## WORK ITEM
Would you return exactly the lines from the top of the data below through the one containing "After the students", leaving out the pictures?

## SOURCE DATA
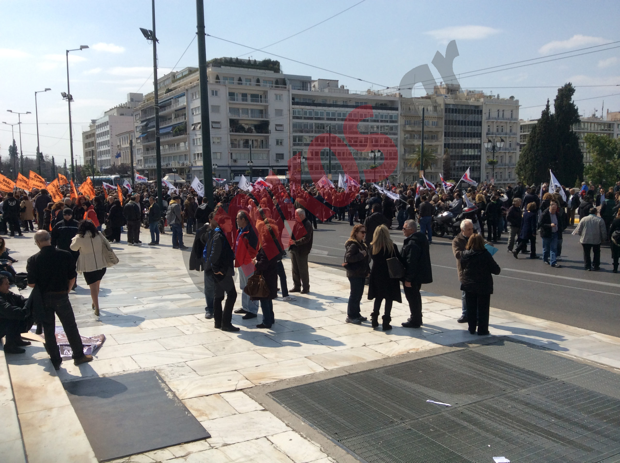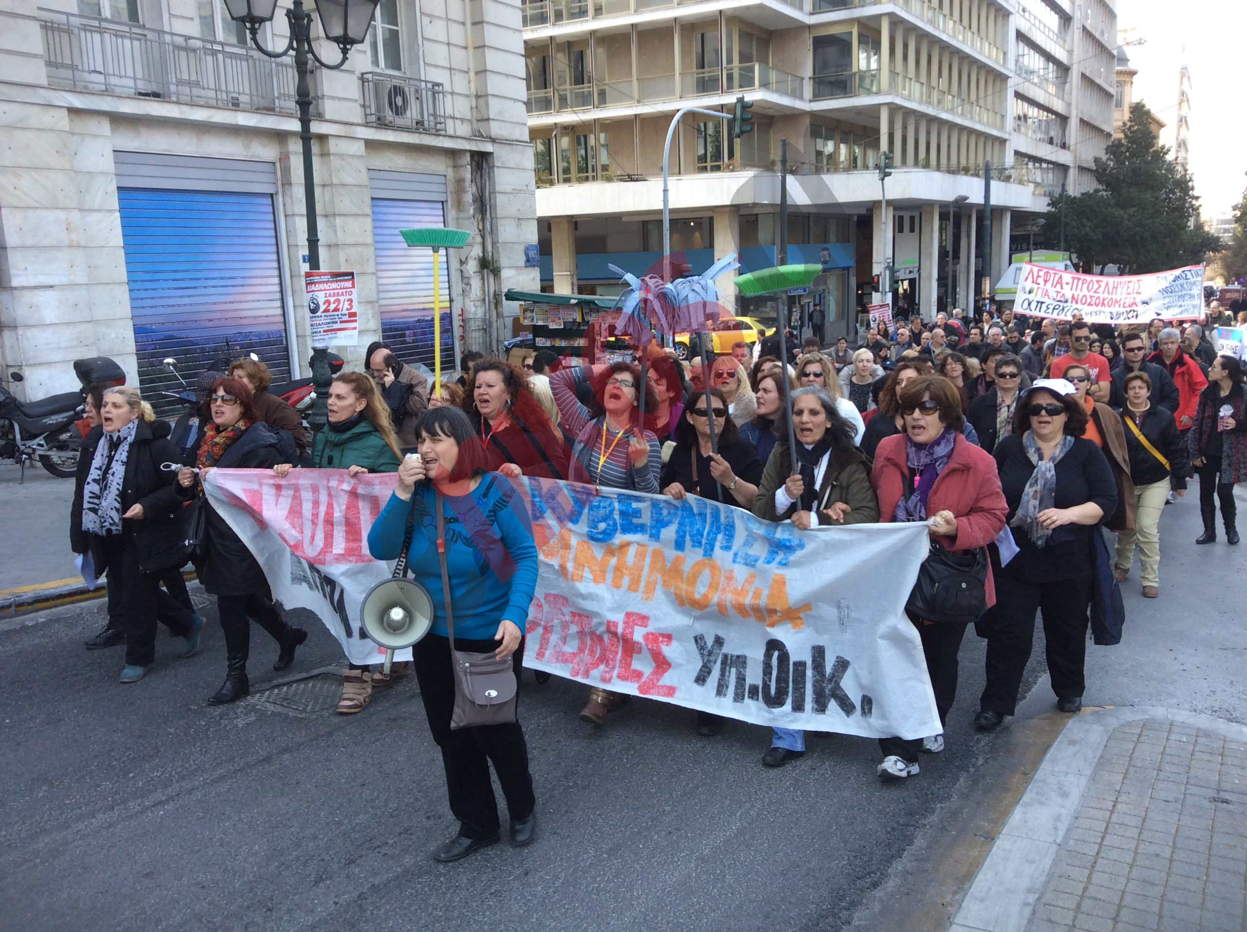 Δυναμικό παρών δίνουν το ΠΑΜΕ, η ΓΣΕΕ και οι καθαρίστριες του υπουργείου Οικονομικών.
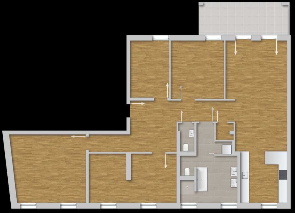 Der Wohnungsgrundriss zeigt eine modern geschnittene 5-Zimmer-Wohnung mit Tageslicht Dusch-und Wannenbad, in welchem ein separater Hauswirtschaftsbereich abgetrennt ist, vier Schlafzimmer, einen offenen Wohn- Ess- und Kochbereich, ein Gäste-WC sowie zum Innenhof hin eine Terrasse. Sehr charmant sind in dieser Wohnung die hohen Decken, welche gut 3,80 m messen.
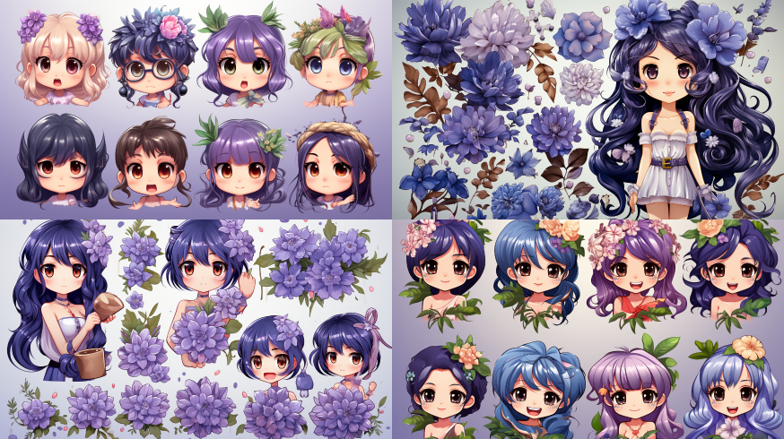 Midjourney Bot 更新时间:2023-08-30 03:59WeChat emoticon pack, magnolia, blue purple, cute Q version --ar 16:9 --style raw --v 5.2
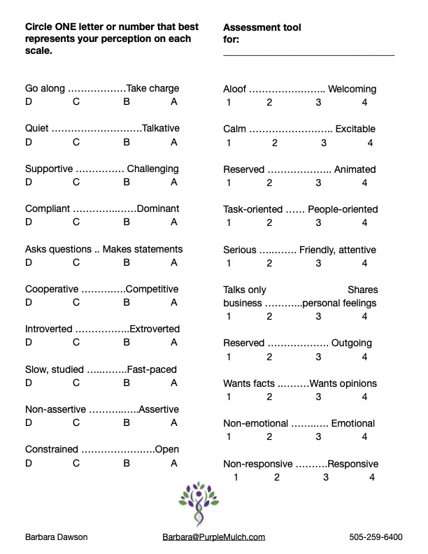 After the students have had a chance to discuss it, hand each one a copy of the Social Styles Assessment Tool (Image 1). Tell them to pick a number or letter between D and A and 1 and 4. Only pick one number/letter for each line.
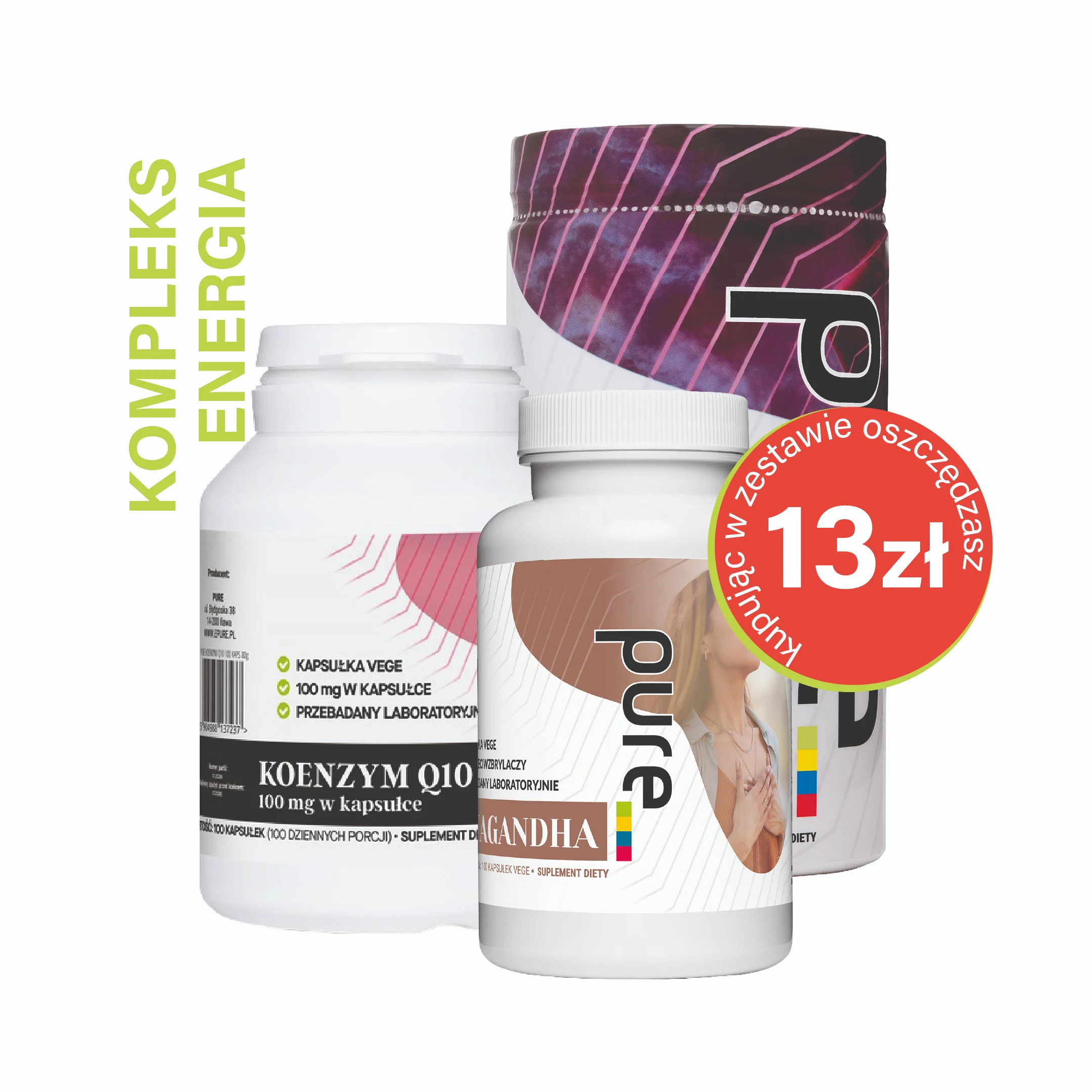 Kompleks Energia to praktyczny zestaw suplementów PURE dla osób prowadzących aktywny tryb życia. Zawiera kreatynę monohydrat 500 g, koenzym Q10 100 mg (100 kapsułek VEGE) oraz ashwagandhę (100 kapsułek VEGE).

## RESULT OF THE TASK
 Δυναμικό παρών δίνουν το ΠΑΜΕ, η ΓΣΕΕ και οι καθαρίστριες του υπουργείου Οικονομικών.
 Der Wohnungsgrundriss zeigt eine modern geschnittene 5-Zimmer-Wohnung mit Tageslicht Dusch-und Wannenbad, in welchem ein separater Hauswirtschaftsbereich abgetrennt ist, vier Schlafzimmer, einen offenen Wohn- Ess- und Kochbereich, ein Gäste-WC sowie zum Innenhof hin eine Terrasse. Sehr charmant sind in dieser Wohnung die hohen Decken, welche gut 3,80 m messen.
 Midjourney Bot 更新时间:2023-08-30 03:59WeChat emoticon pack, magnolia, blue purple, cute Q version --ar 16:9 --style raw --v 5.2
 After the students have had a chance to discuss it, hand each one a copy of the Social Styles Assessment Tool (Image 1). Tell them to pick a number or letter between D and A and 1 and 4. Only pick one number/letter for each line.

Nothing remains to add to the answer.